Hostagesses Alliance
- Abbreviation: HAlliance
- Formation: 2021; 5 years ago
- Type: Non-governmental organization
- Headquarters: London, United Kingdom
- Key people: Ana Diamond
- Website: halliance.org

= Hostagesses Alliance =

Human rights organization

The Hostagesses Alliance, also known as the Hostage Alliance for Women, is a London-based advocacy organisation founded in 2021 by Ana Diamond, a former hostage, to campaign on behalf of women and girls subjected to hostage-taking and related abuses.

The organisation works to raise awareness of state and non-state hostage-taking, including gender-based violence and mistreatment of female detainees, as well as advocates for international action against state-level hostage diplomacy.

Hostagesses Alliance is a specialised branch of the broader the Alliance Against State Hostage Taking, developed from the global initiative launched in New York City during the 2019 United Nations 74th General Assembly. The Hostagesses Alliance is committed to the International Convention against the Taking of Hostages, and the UK driven 2013 G8 Summit's focus on preventing the kidnapping of ordinary citizens by terrorist groups for ransom.

== Advocacy in individual hostage cases ==

The Alliance has participated in advocacy surrounding several high-profile hostage and unlawful detention cases.

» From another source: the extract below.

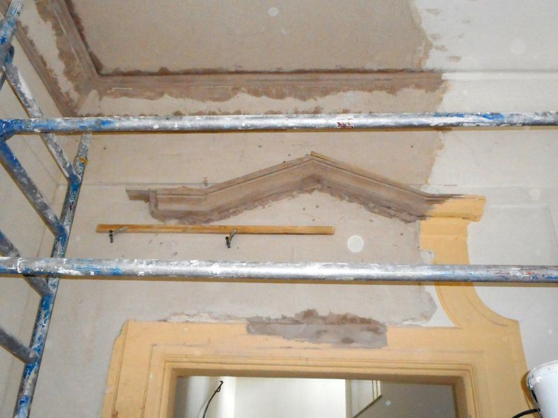 Fehlende Voute wurde ergänzt, mit Mehrfachfluat neutralisiert und abschließend mit Innensilikatfarbe vorgrundiert.

These have included the Australian-British academic Kylie Moore-Gilbert, an Iranian-British dual citizen Nazanin Zaghari-Ratcliffe, British couple Craig and Lindsay Foreman, an Iranian British Council employee Aras Amiri, a British–Iranian businessman Anoosheh Ashoori, as well as British national Emily Damari.

== Policy and legislative impact ==
The organisation has also supported wider policy efforts aimed at addressing state-sponsored hostage-taking. Its advocacy has been linked to the development and passage of Magnitsky legislation in the United Kingdom, which introduced targeted sanctions against individuals responsible for human rights abuses. The laws are named in honour of Sergei Magnitsky, a Russian tax advisor whose exposure of corruption and misconduct in Russia led to his arrest and death in police custody.

== Mission and activities ==
Hostagesses Alliance is a women-led non-governmental organisation focused on improving the safety of women and girls affected by hostage-taking, kidnapping, and unlawful detention. The organisation carries out research, advocacy, public education, training workshops, and policy consultation at local, national, and international levels.

Hostagesses Alliance attracts global attention since its concentrated presence and activities in London, a city whose long history of women-supporting movements, has made it a forerunner in advancing women’s rights and establishing a culture in which women’s leadership plays a decisive role in navigating international crises and shaping decision-makings dialectics.